In March 2020 the covid-19 epidemic forced the closure of all British theatres. Some companies adapted by putting archive recordings of past productions online, others by streaming new shows. And we take the opportunity to explore other vintage productions preserved online. Until things return to normal we review the experience of watching live theatre onscreen.


A Midsummer Night's Dream
Lord Chamberlain's Men and YouTube   January 2022

The Lord Chamberlain's Men are a London-based all-male touring company specialising in outdoor performances of Shakespeare. This polished recording was made of a live performance in their 2019 tour of A Midsummer Night's Dream.

It is crisp, clear, fast-moving and thoroughly entertaining, capturing all the play's comedy, romance and magic in an attractively modest and inventive way.

The cast of seven all double and redouble roles, the ease and cleverness of their quick changes inviting us into the fun of make-believe.
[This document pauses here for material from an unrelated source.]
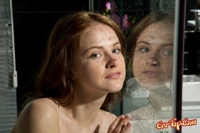 Привлекательная рыжеволосая девушка решила раздеться и забраться в душевую кабинку, начав внутри тереться об стекло и показывать стройное тело. В будущем она облилась водой и будучи мокрой продолжила начатое, трогая себя за маленькую грудь и бритую киску.
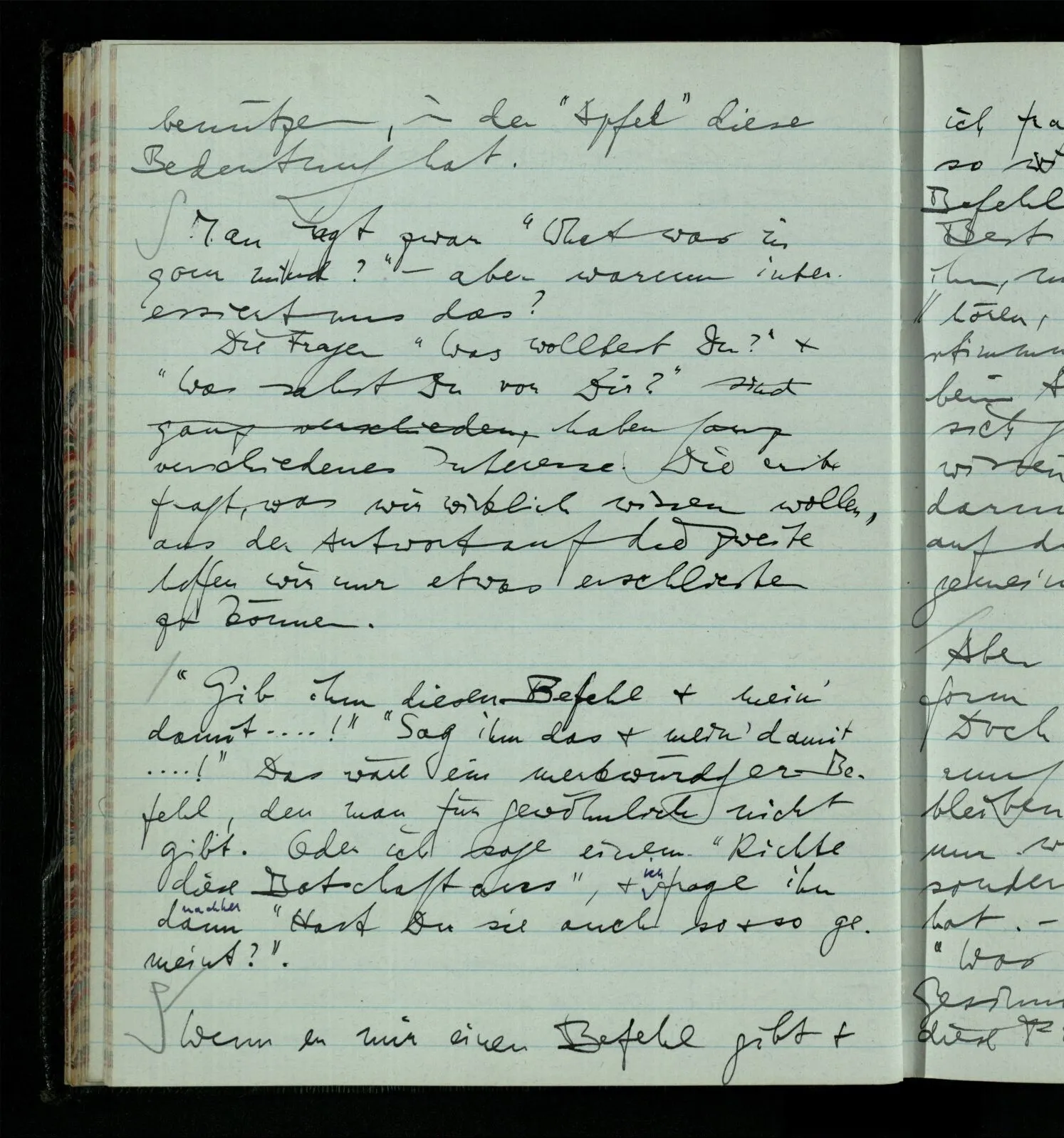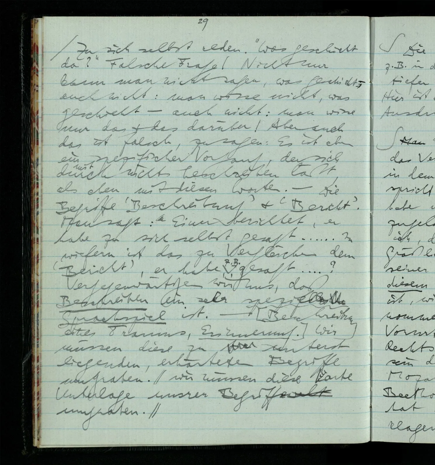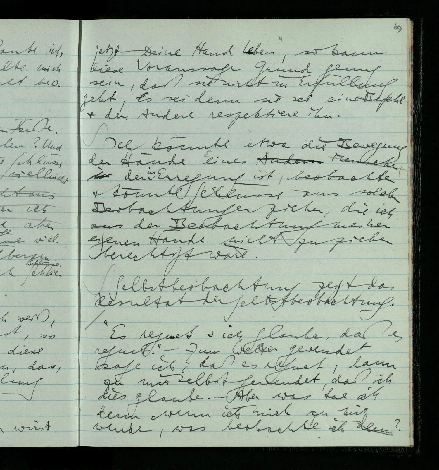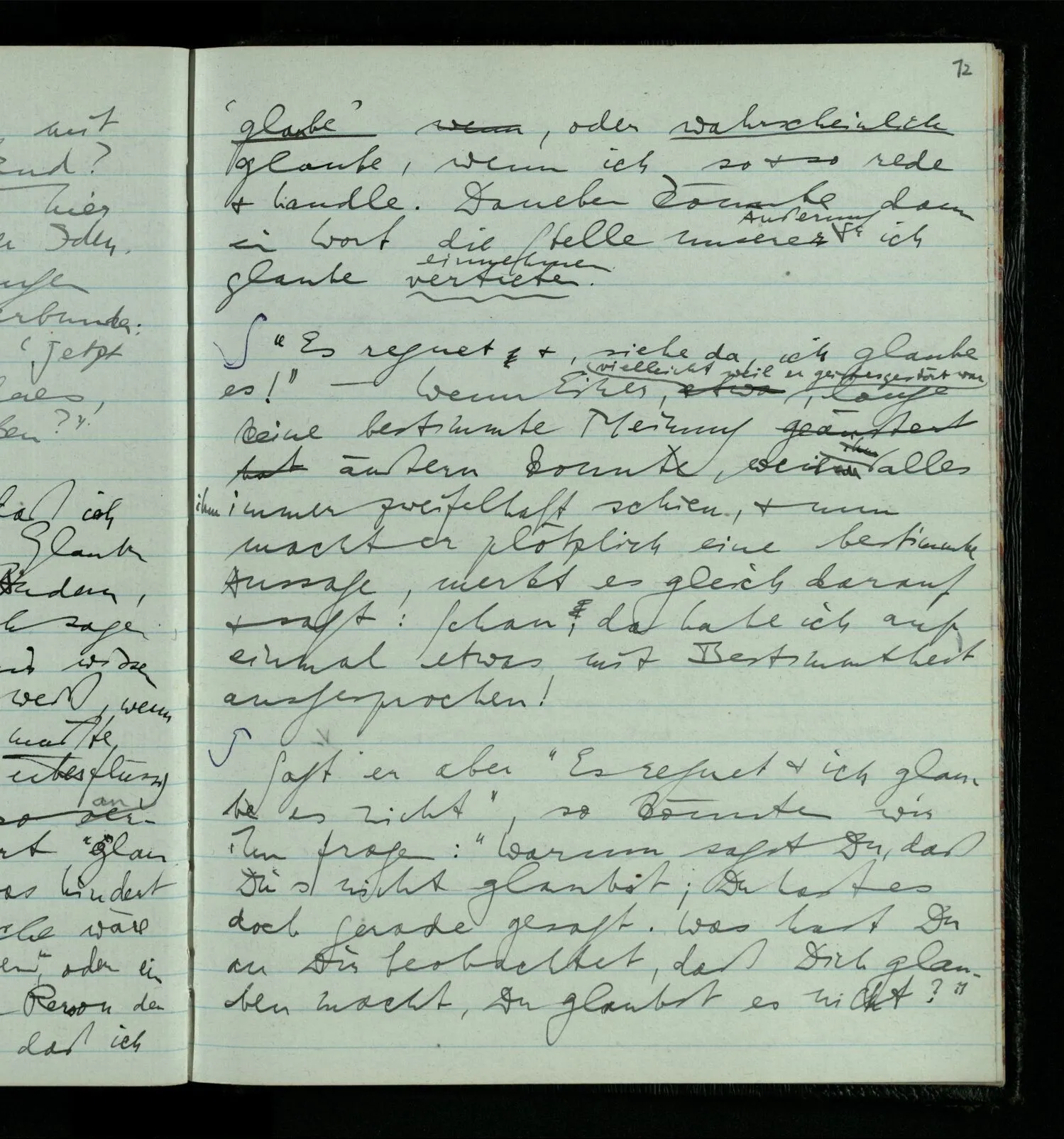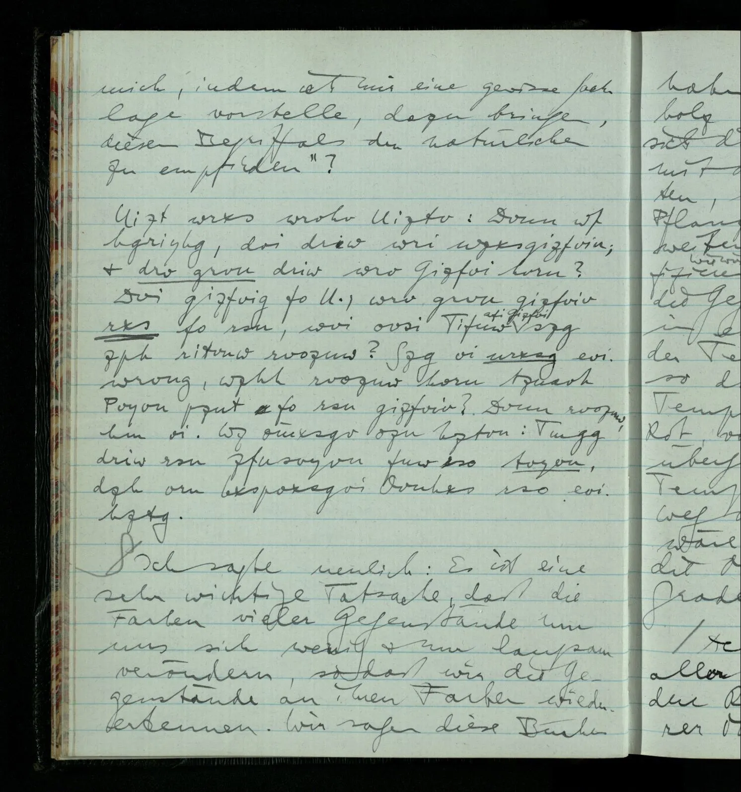 “Der Mensch ist im Stande, in voller Abgeschlossenheit mit sich selbst zu reden; in einer Isolierung, die weit vollkommener ist, als jede körperliche Isolierung.” Wie weiß ich, daß dem N. dies gegeben ist? – Weil er’s sagt & zuverlässig ist? – Und doch sagen wir: “Ich wüßte gerne, was er jetzt bei sich denkt”; ganz so, wie wir sagen könnten: “Ich wüßte gerne, was er jetzt in sein Notizbuch schreibt”. Ja, man könnte eben das sagen & es, sozusagen, als selbstverständlich ansehen, daß er bei sich das denkt, was er in’s

That same evocation of the audience's imagination – essential to a play about fairies, magic spells and theatre itself – carries through the production.

The male actors playing female roles are instantly acceptable as real and believable (if not particularly pretty) women, without a hint of camp or exaggerated femininity, and the male characters who find themselves in love with one or another are never ridiculous for that.

Director Peter Stickney admirably resists any temptation to impose a vision or interpretation on the play, allowing its own virtues to carry it. He does guide some in the cast to finding fresh colours to their characters, the men playing women most successful in this.

Newcomers to the play – and the Dream is, of course, the ideal introduction to Shakespeare – might not notice, but those who know the play will find the small changes refreshing.

George Readshaw makes Helena a little spunkier than she is often played, which shifts the power balance so that Joshua Glenister's Hermia becomes the more pitiable of the two. Will de Renzy-Martin switches between a cool Hippolyta and an imperious Titania, perhaps missing the comic opportunities to make the fairy queen a little more sensual.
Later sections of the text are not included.